[Working data Boundary: Start]

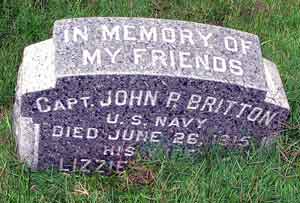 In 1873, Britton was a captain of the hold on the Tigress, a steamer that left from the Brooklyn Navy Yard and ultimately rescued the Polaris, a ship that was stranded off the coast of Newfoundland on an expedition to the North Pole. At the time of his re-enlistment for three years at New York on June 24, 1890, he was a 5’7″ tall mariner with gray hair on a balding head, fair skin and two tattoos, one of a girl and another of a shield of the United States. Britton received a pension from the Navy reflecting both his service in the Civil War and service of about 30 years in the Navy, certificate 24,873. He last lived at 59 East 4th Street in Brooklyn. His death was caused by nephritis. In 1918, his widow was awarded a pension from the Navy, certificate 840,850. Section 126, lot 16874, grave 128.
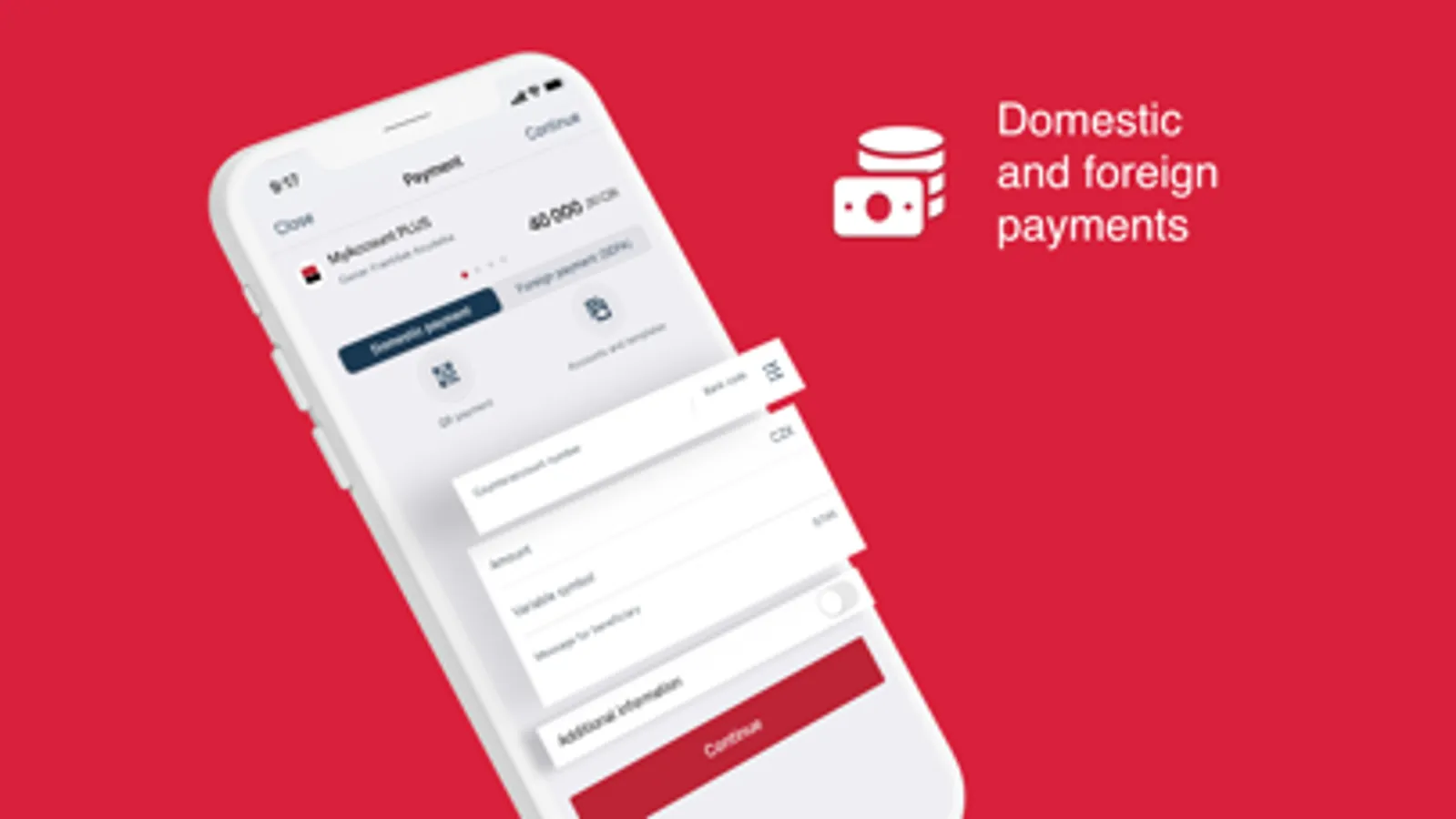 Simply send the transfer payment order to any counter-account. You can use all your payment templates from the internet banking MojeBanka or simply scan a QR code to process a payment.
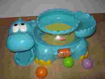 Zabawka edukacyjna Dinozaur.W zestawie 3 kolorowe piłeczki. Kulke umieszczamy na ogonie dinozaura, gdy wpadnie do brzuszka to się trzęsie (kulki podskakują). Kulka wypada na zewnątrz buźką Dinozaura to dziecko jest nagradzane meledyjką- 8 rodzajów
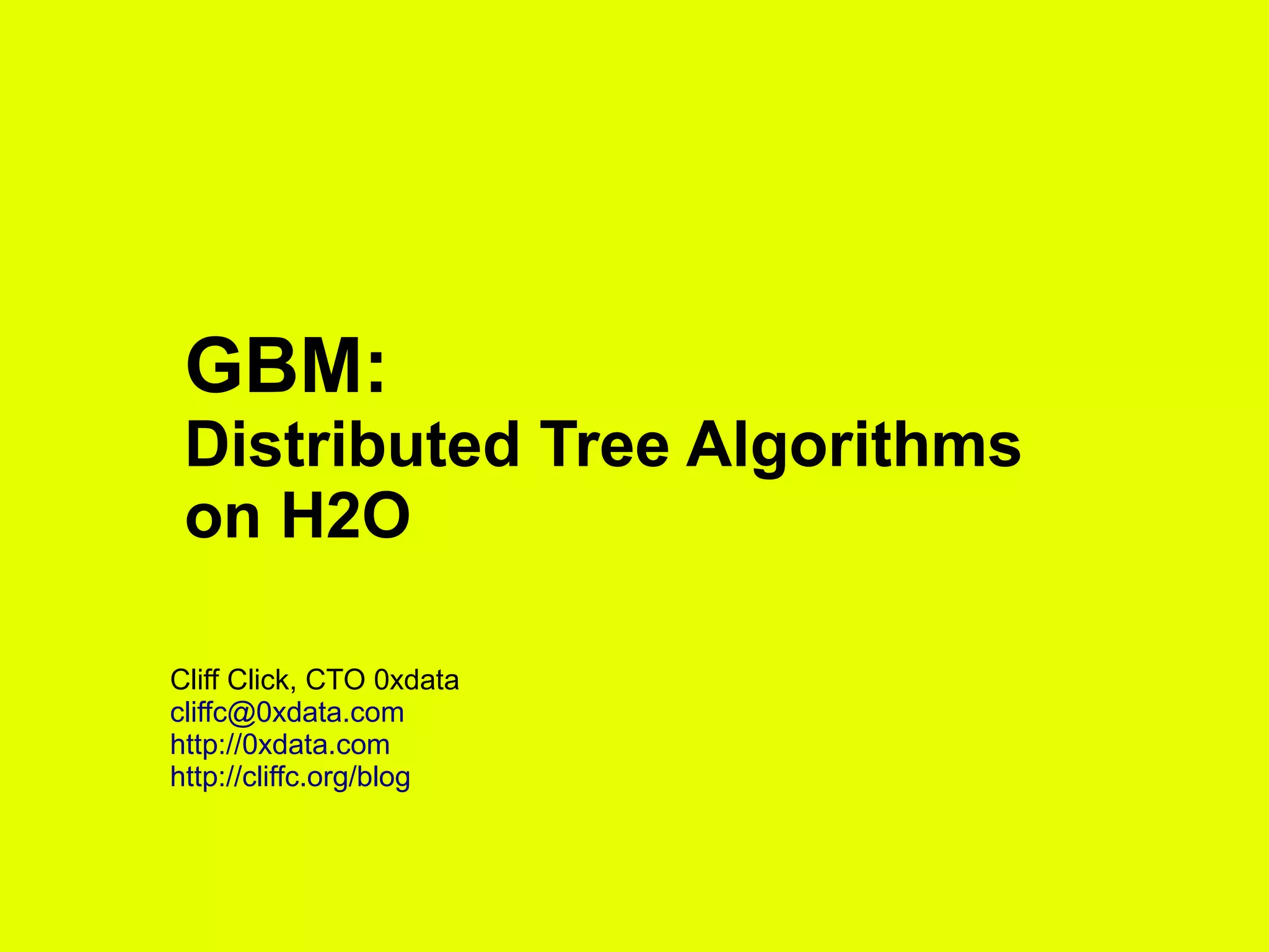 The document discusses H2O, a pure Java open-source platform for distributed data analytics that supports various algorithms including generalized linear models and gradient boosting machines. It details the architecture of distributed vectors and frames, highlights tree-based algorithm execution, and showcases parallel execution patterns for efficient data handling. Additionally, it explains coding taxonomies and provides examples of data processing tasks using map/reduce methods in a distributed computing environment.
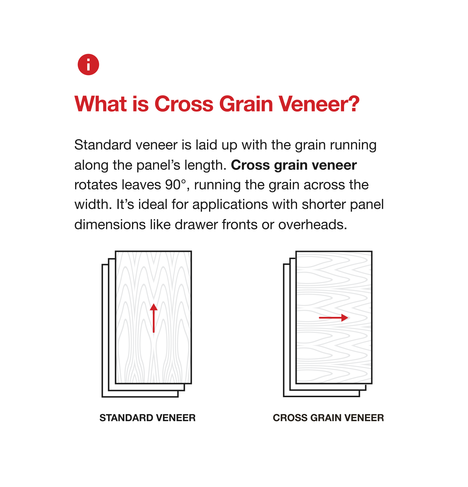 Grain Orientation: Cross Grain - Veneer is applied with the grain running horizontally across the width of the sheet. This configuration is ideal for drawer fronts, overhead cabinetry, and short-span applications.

[Working data Boundary: End]

Work required ::
When you print the records above, keep them exact and leave out the pictures.

Solution to this problem ::
 In 1873, Britton was a captain of the hold on the Tigress, a steamer that left from the Brooklyn Navy Yard and ultimately rescued the Polaris, a ship that was stranded off the coast of Newfoundland on an expedition to the North Pole. At the time of his re-enlistment for three years at New York on June 24, 1890, he was a 5’7″ tall mariner with gray hair on a balding head, fair skin and two tattoos, one of a girl and another of a shield of the United States. Britton received a pension from the Navy reflecting both his service in the Civil War and service of about 30 years in the Navy, certificate 24,873. He last lived at 59 East 4th Street in Brooklyn. His death was caused by nephritis. In 1918, his widow was awarded a pension from the Navy, certificate 840,850. Section 126, lot 16874, grave 128.
 Simply send the transfer payment order to any counter-account. You can use all your payment templates from the internet banking MojeBanka or simply scan a QR code to process a payment.
 Zabawka edukacyjna Dinozaur.W zestawie 3 kolorowe piłeczki. Kulke umieszczamy na ogonie dinozaura, gdy wpadnie do brzuszka to się trzęsie (kulki podskakują). Kulka wypada na zewnątrz buźką Dinozaura to dziecko jest nagradzane meledyjką- 8 rodzajów
 The document discusses H2O, a pure Java open-source platform for distributed data analytics that supports various algorithms including generalized linear models and gradient boosting machines. It details the architecture of distributed vectors and frames, highlights tree-based algorithm execution, and showcases parallel execution patterns for efficient data handling. Additionally, it explains coding taxonomies and provides examples of data processing tasks using map/reduce methods in a distributed computing environment.
 Grain Orientation: Cross Grain - Veneer is applied with the grain running horizontally across the width of the sheet. This configuration is ideal for drawer fronts, overhead cabinetry, and short-span applications.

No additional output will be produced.